Ja też lubię "pod światło" :) Niby wbrew zasadom,ale za to efekty SĄ :) To też trzeba umieć, a Twoje bywają zaskakujące niebywale swoim pięknem łamania zasad :)
Elu, zauważyłam, że czasami, kiedy robię zdęcie pod słońce też pojawia się poświata, ale nie wygląda tak pięknie, jak u Ciebie :( A to zgaszenie kolorów to był bardzo dobry pomysł, bo w efekcie dało to piękną kombinację kolorystyczną :)

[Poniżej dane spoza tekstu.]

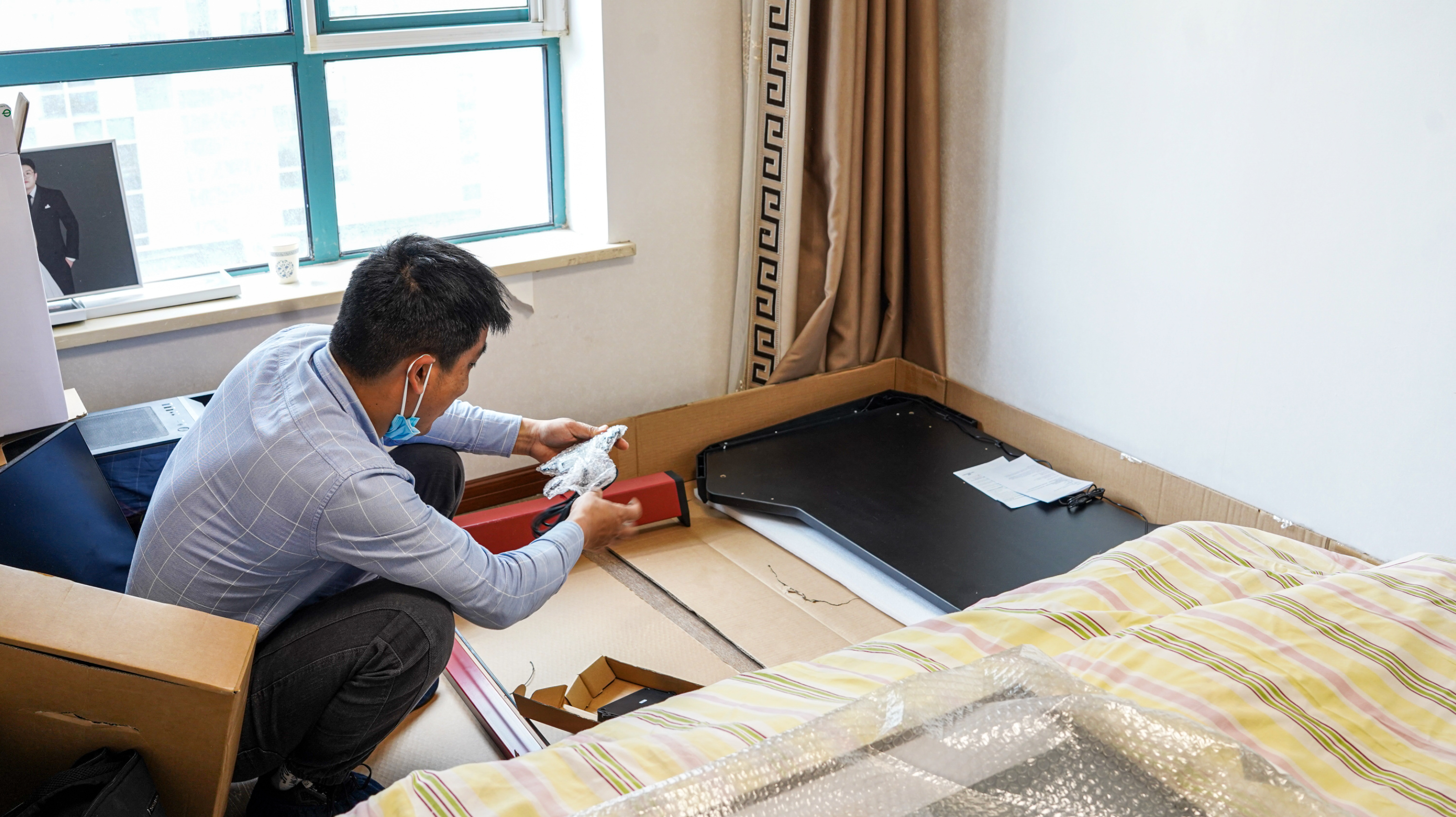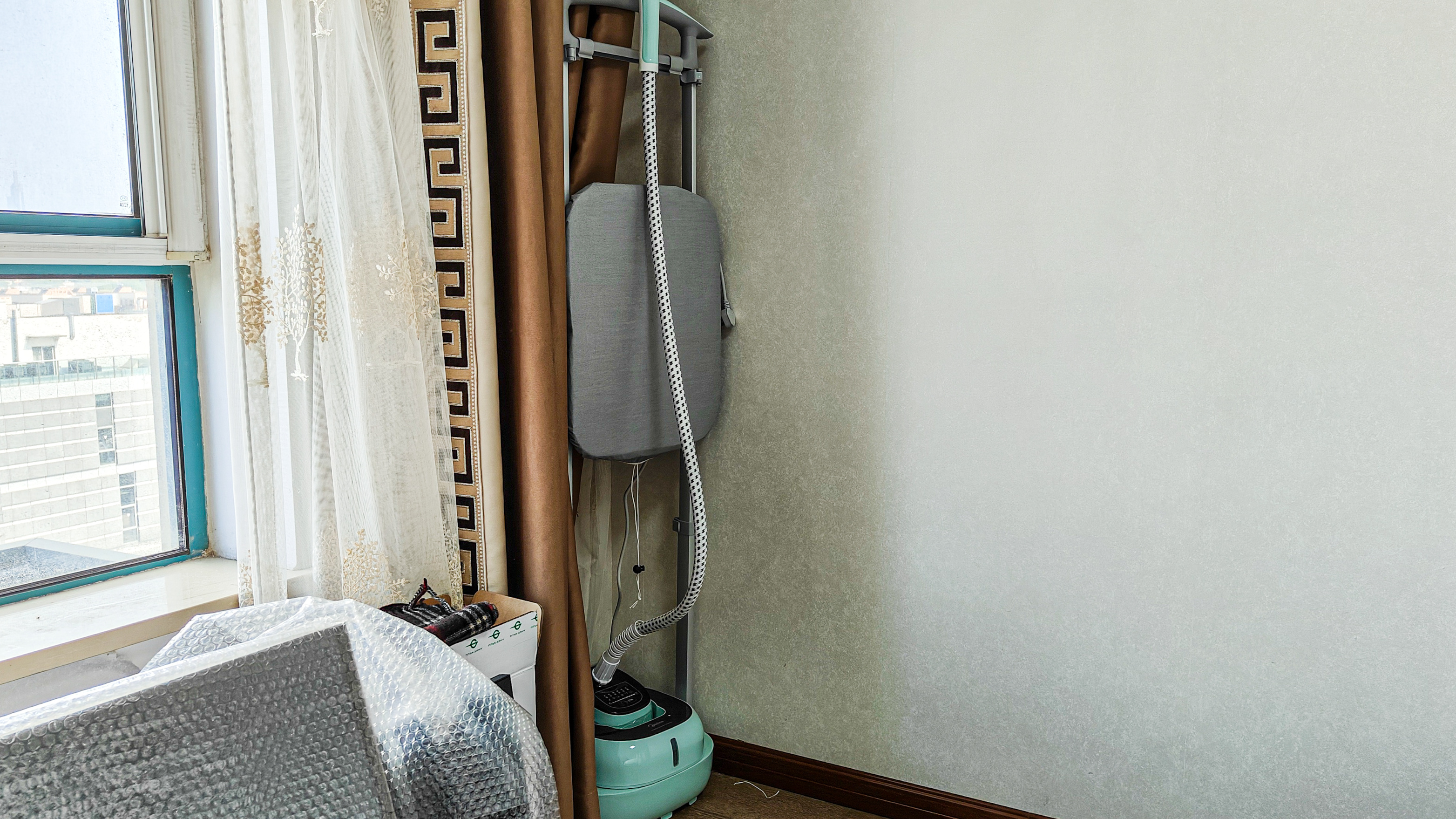 定的放置區域的左手邊就是大的落地窗,白天的整體採光比之前房間好上很多,可惜的是可用長度只有兩米不到的地方,正常使用沒啥問題,就是和牀之間的距離比較小,打算分割臥室當工作區域的朋友注意桌面別買太大,選擇1.2到1.4米的桌子會更合適一些。

Dziękuję :)) Dorotko z tym światłem to wgląda mniej więcej tak: jak zauważyłaś gdzieś kiedyś często robię zdjęcia pod słońce. Bo tak lubię, bo tak mi się podoba. Jeszcze dodatkowo większość robiona przy wschodzącym słońcu, rzadziej zachodzącym daje ciepłe światło. Rzadko, ale też się zdarza dodaję blasku. Tu akurat nie, ale za to są zgaszone kolory, bo naturalne były dla mnie za mocne.
Przepiękny kadr! Elu, mam pytanie. Czy ta czerwona poświata, która czasami pojawia się w Twoich zdjęciach, a która moim zdaniem - przepięknie kadry wzbogaca - to postprodukcja, czy też efekt fotografowania pod światło?